Obtain an initial streaming DataFrame from a Parquet-format file source.

In [0]:
schema = "device STRING, ecommerce STRUCT<purchase_revenue_in_usd: DOUBLE, total_item_quantity: BIGINT, unique_items: BIGINT>, event_name STRING, event_previous_timestamp BIGINT, event_timestamp BIGINT, geo STRUCT<city: STRING, state: STRING>, items ARRAY<STRUCT<coupon: STRING, item_id: STRING, item_name: STRING, item_revenue_in_usd: DOUBLE, price_in_usd: DOUBLE, quantity: BIGINT>>, traffic_source STRING, user_first_touch_timestamp BIGINT, user_id STRING"

df = (spark
      .readStream
      .schema(schema)
      .option("maxFilesPerTrigger", 1)
      .parquet(eventsPath)
     )
df.isStreaming

Apply some transformations, producing new streaming DataFrames.

In [0]:
from pyspark.sql.functions import col, approx_count_distinct, count

emailTrafficDF = (df
                  .filter(col("traffic_source") == "email")
                  .withColumn("mobile", col("device").isin(["iOS", "Android"]))
                  .select("user_id", "event_timestamp", "mobile")
                 )
emailTrafficDF.isStreaming

### Write streaming query results

Take the final streaming DataFrame (our result table) and write it to a file sink in "append" mode.

In [0]:
checkpointPath = userhome + "/email_traffic/checkpoint"
outputPath = userhome + "/email_traffic/output"
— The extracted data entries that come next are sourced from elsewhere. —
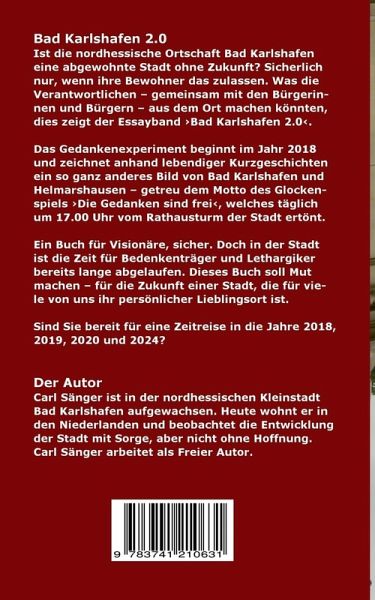 Ist die nordhessische Ortschaft Bad Karlshafen eine abgewohnte Stadt ohne Zukunft? Sicherlich nur, wenn ihre Bewohner das zulassen. Was die Verantwortlichen - gemeinsam mit den Bürgerinnen und Bürgern - aus dem Ort machen könnten, dies zeigt der Essayband 'Bad Karlshafen 2.0'. Das Gedankenexperiment beginnt im Jahr 2018 und zeichnet anhand lebendiger Kurzgeschichten ein so ganz anderes Bild von Bad Karlshafen und Helmarshausen - getreu dem Motto des Glockenspiels 'Die Gedanken sind frei', welches täglich um 17.00 Uhr vom Rathausturm der Stadt ertönt. Ein Buch für Visionäre, sicher. Doch in der Stadt ist die Zeit für Bedenkenträger und Lethargiker bereits lange abgelaufen. Dieses Buch soll Mut machen - für die Zukunft einer Stadt, die für viele von uns ihr persönlicher Lieblingsort ist.Sind Sie bereit für eine Zeitreise in die Jahre 2018, 2019, 2020 und 2024?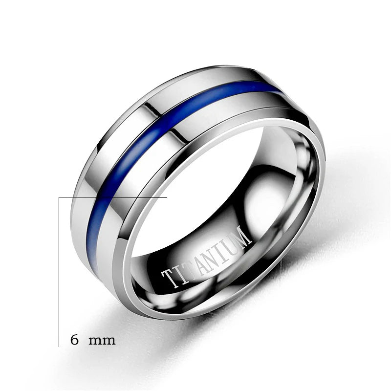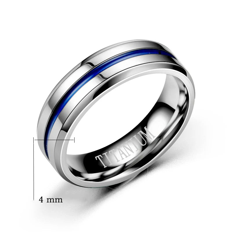 The striking blue middle groove on this silver titanium wedding band ring for men and women adds a touch of simplicity for an elegant, and a sleek look.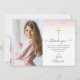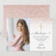 Cartão de agradecimento de primeira comunhão com brilho em rose gold. Personalize com sua foto especial e mensagem de agradecimento em letras elegantes neste design moderno e sofisticado. Criado por Thisisnotme©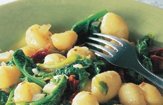 Gnocchi mit Blattspinat Zutaten 500 g Blattspinat 1 Zwiebel (50 g) 50 g getrocknete Tomaten (in Öl) 400 g frische Gnocchi Salz 1 Esslöffel Olivenöl grober Pfeffer guk:similarity-keywords=""> 500 g Blattspinat , 1 Zwiebel (50 g) , 50 g getrocknete , T [...]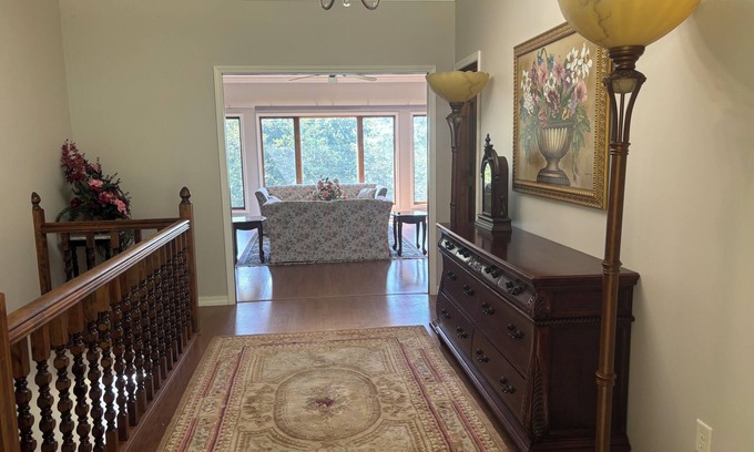 The hideaway is tucked away on a dead-end, sitting on bluff overlooking the Ohio River. Large house with two living areas & bonus lounge room and sunroom; master suite complete with a jacuzzi tub in the ensuite, and three other bedrooms with their own attached bathroom, a well as a kids room with loft bed, and a hall half bath. Hideaway has a large eat in kitchen with a separate dining room, making it the perfect rental for family gatherings and holidays.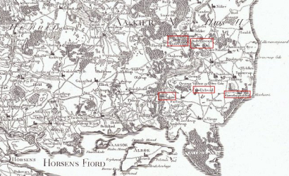 Aakær amt i 1789. På kortet ses herregårdene Aakær, Gersdorffslund, Rodsteenseje, Dybvad og Rathlousdal, der blev oprettet i årtierne efter Karl Gustav-Krigene (1657-1660). Foto: Geodatastyrelsen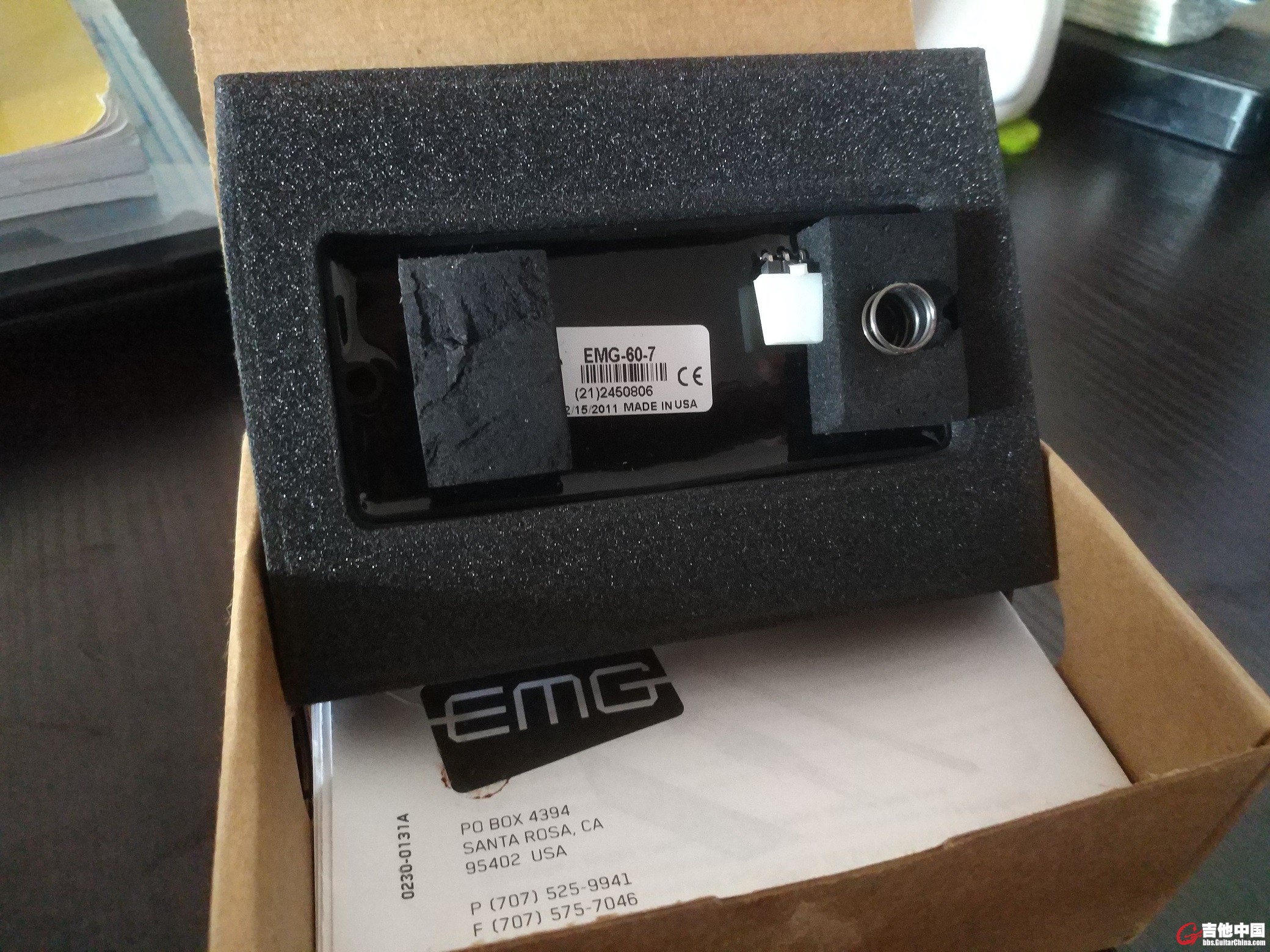 拾音器的音色和各方面质量都没问题,成色也非常好,完全可以放心购买~ 之前这两块都是和其他主动 EMG 直接插拔互换,所以原装电位器和连接线都是全新未开封,包装盒也保存地很好,说明书和电路图也都在,方便更换电路时参阅。包装盒里还各自带一个 EMG logo 贴纸。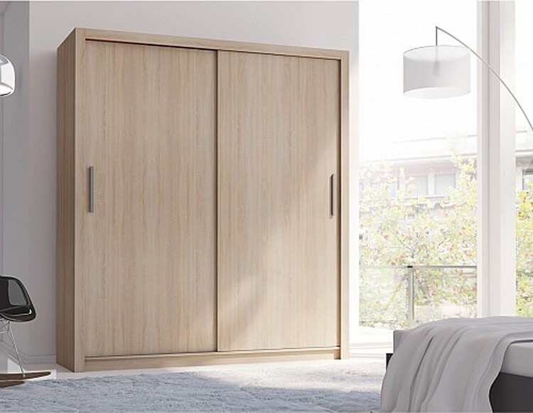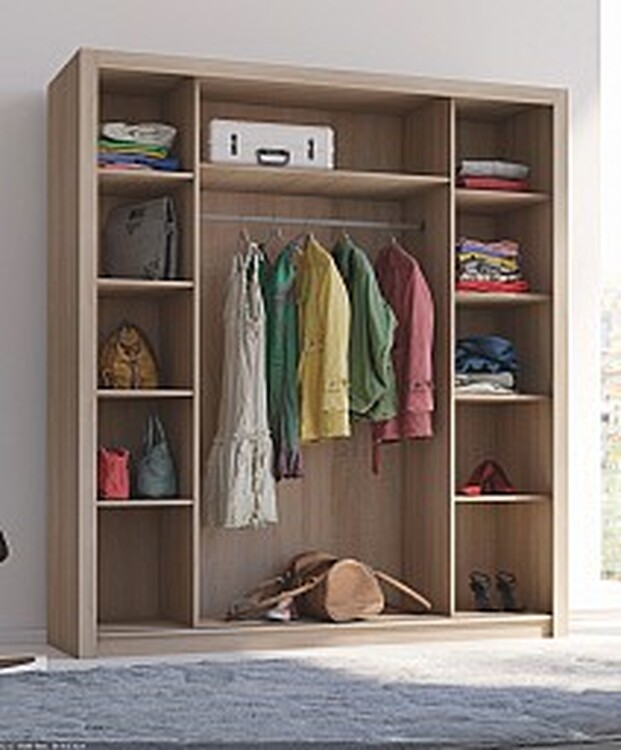 Skříň MISTERY o šířce 180 cm je praktickým řešením pro ložnicenebo obývací pokoje. Tento model má dvoudveřový systém s posuvnýmidveřmi, které šetří místo a usnadňují přístup k obsahu. Skříňobsahuje policovou část po stranách, ideální pro uložení bot, tašek nebosezónního oblečení. Uprostřed skříně je umístěna šatní tyč prozavěšení košil, šatů nebo kabátů.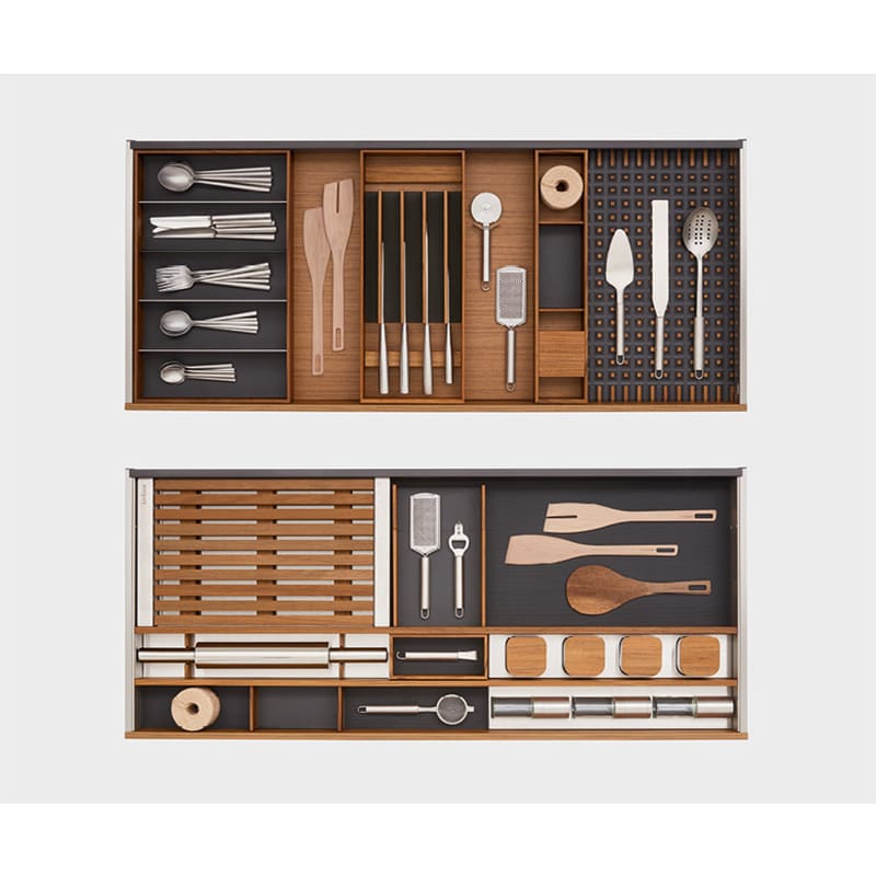 Arclinea – Cucina Convivium Tavolo Penisola; Convivium è luogo aperto, una cucina come spazio libero e organizzato, un ambiente dove rinnovare ogni giorno il rito dello stare insieme, il luogo in cui tutta una serie di azioni concrete – contenere, preparare, cucinare si trasformano in riti ed emozioni. In cucina si respirano aromi che parlano di storie familiari o di luoghi lontani, si perpetuano antiche ricette o se ne sperimentano di nuove e soprattutto si mangia tutti insieme, seduti attorno al grande tavolo. Convivium arreda le pareti di una stanza che diventa calda, accogliente, funzionale, con isola-tavolo al centro e mensoloni che corrono, superiormente, su tutto il perimetro.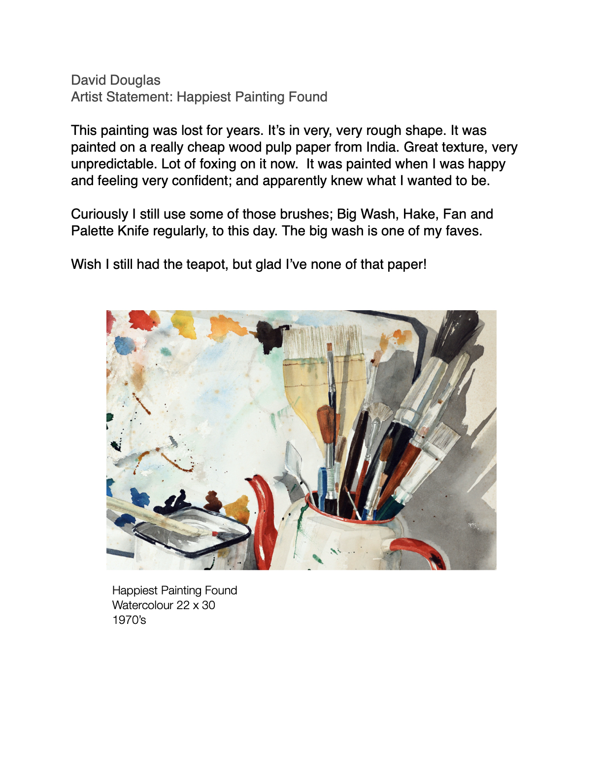 I have sustained my creativity for over sixty years; as a graphic designer, art director, post secondary educator, professor, writer, photographer and as a watercolour artist. My works have been accepted into showings throughout Canada, winning many prizes and awards. My life long love affair with watercolour has steadfastly always been my media of choice.

devicesQuery = (emailTrafficDF
                .writeStream
                .outputMode("append")
                .format("parquet")
                .queryName("email_traffic")
                .trigger(processingTime="1 second")
                .option("checkpointLocation", checkpointPath)
                .start(outputPath)
               )

### Monitor streaming query

Use the streaming query "handle" to monitor and control it.

In [0]:
devicesQuery.id

In [0]:
devicesQuery.status

In [0]:
devicesQuery.lastProgress

In [0]:
devicesQuery.awaitTermination(5)

In [0]:
devicesQuery.stop()

# Coupon Sales Lab
Process and append streaming data on transactions using coupons.
1. Read data stream
2. Filter for transactions with coupons codes
3. Write streaming query results to Parquet
4. Monitor streaming query
5. Stop streaming query

##### Classes
- <a href="https://spark.apache.org/docs/latest/api/python/reference/api/pyspark.sql.streaming.DataStreamReader.html#pyspark.sql.streaming.DataStreamReader" target="_blank">DataStreamReader</a>
- <a href="https://spark.apache.org/docs/latest/api/python/reference/api/pyspark.sql.streaming.DataStreamWriter.html#pyspark.sql.streaming.DataStreamWriter" target="_blank">DataStreamWriter</a>
- <a href="https://spark.apache.org/docs/latest/api/python/reference/api/pyspark.sql.streaming.StreamingQuery.html#pyspark.sql.streaming.StreamingQuery" target="_blank">StreamingQuery</a>

### 1. Read data stream
- Use the schema stored in **`schema`**
- Set to process 1 file per trigger
- Read from Parquet files in the source directory specified by **`salesPath`**

Assign the resulting DataFrame to **`df`**.

In [0]:
schema = "order_id BIGINT, email STRING, transaction_timestamp BIGINT, total_item_quantity BIGINT, purchase_revenue_in_usd DOUBLE, unique_items BIGINT, items ARRAY<STRUCT<coupon: STRING, item_id: STRING, item_name: STRING, item_revenue_in_usd: DOUBLE, price_in_usd: DOUBLE, quantity: BIGINT>>"

In [0]:
# ANSWER
df = (spark
      .readStream
      .schema(schema)
      .option("maxFilesPerTrigger", 1)
      .parquet(salesPath)
     )

**CHECK YOUR WORK**

In [0]:
assert df.isStreaming
assert df.columns == ["order_id", "email", "transaction_timestamp", "total_item_quantity", "purchase_revenue_in_usd", "unique_items", "items"]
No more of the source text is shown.